« La sécurité juridique qui suppose le caractère prévisible, lisible et accessible des lois et réglementations, n'est pas garantie en droit français. ». C'est du moins ce que proclamaient les députés par la proposition de loi constitutionnelle portant reconnaissance du principe de sécurité juridique dans la Constitution en date du 15 mars 2000. Toutefois, avant même de s'interroger sur l'effectivité du principe de sécurité juridique en droit français, et plus particulièrement en matière d'actes administratifs, il convient de définir les notions clés permettant d'appréhender le sujet. L'acte administratif, c'est-à-dire le moyen juridique d'action de l'administration, recouvre deux procédés principaux : l'acte administratif unilatéral et le contrat administratif. Nous n'étudierons ici que les actes administratifs unilatéraux dans la mesure où c'est à leur propos que se pose le problème de la sécurité juridique. L'acte administratif unilatéral est l'acte destiné à régir des personnes étrangères à son édiction et qui leur impose des droits et des obligations.

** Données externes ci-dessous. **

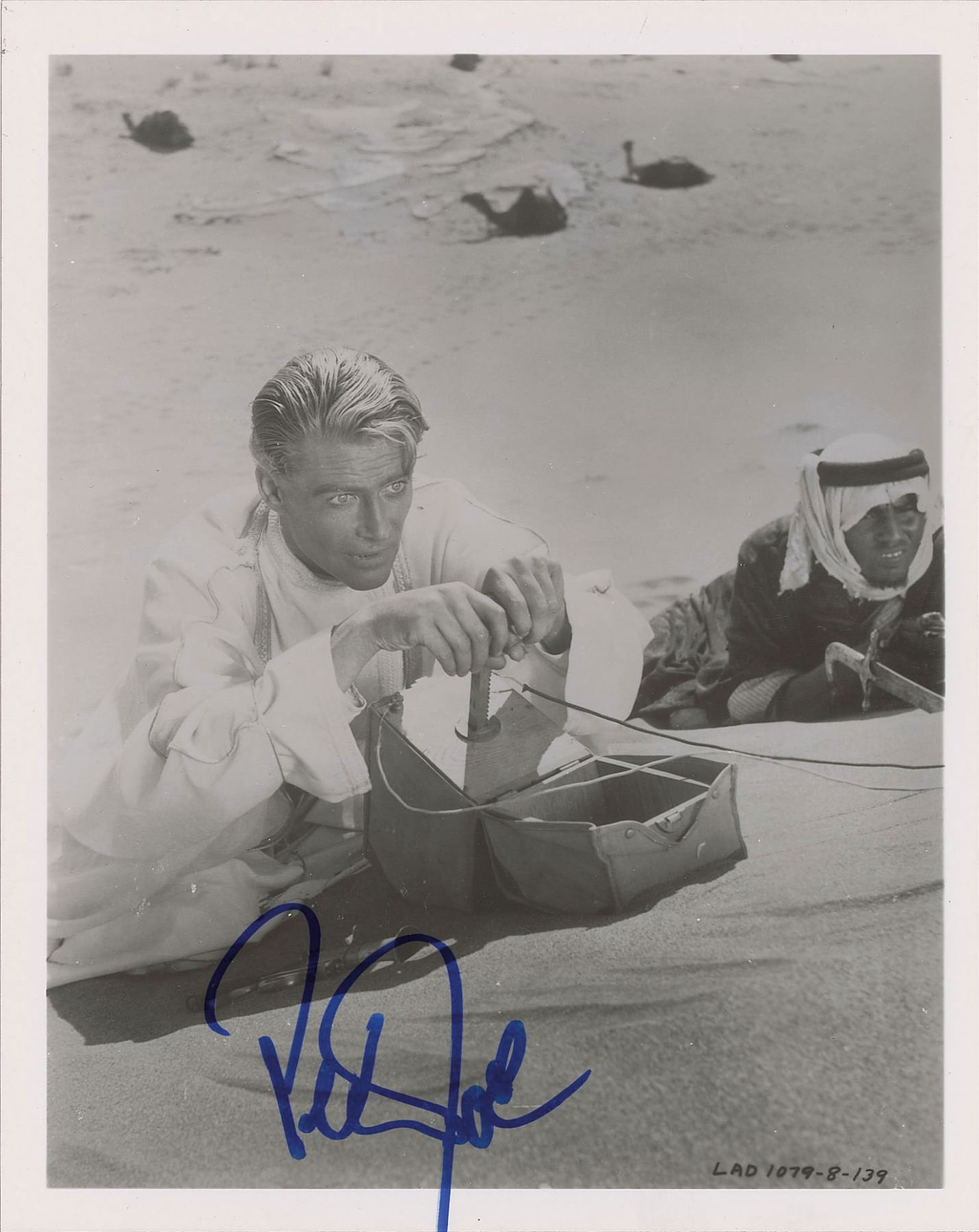 Glossy 8 x 10 photo of O'Toole as T. E. Lawrence from the epic 1962 film Lawrence of Arabia, signed in blue felt tip. In fine condition.

Cette faculté d'édicter unilatéralement des droits et obligations, assortie du privilège du préalable est souvent présentée comme la première des prérogatives de puissance publique. Dès lors, on comprend pourquoi la question du respect du principe de sécurité juridique en matière d'actes administratifs est récurrente.
En effet, si la définition de l'Etat de droit renvoie à une organisation de l'Etat dans laquelle, les autorités détentrices du pouvoir d'édicter des normes sont elles-mêmes soumises au respect du droit, il n'empêche que, pour que soit assurée la sécurité juridique, il importe que les règles de droit soient connues ou du moins portées à la connaissance de tous. La sécurité juridique se résume d'ailleurs à trois mots : stabilité, visibilité et prévisibilité.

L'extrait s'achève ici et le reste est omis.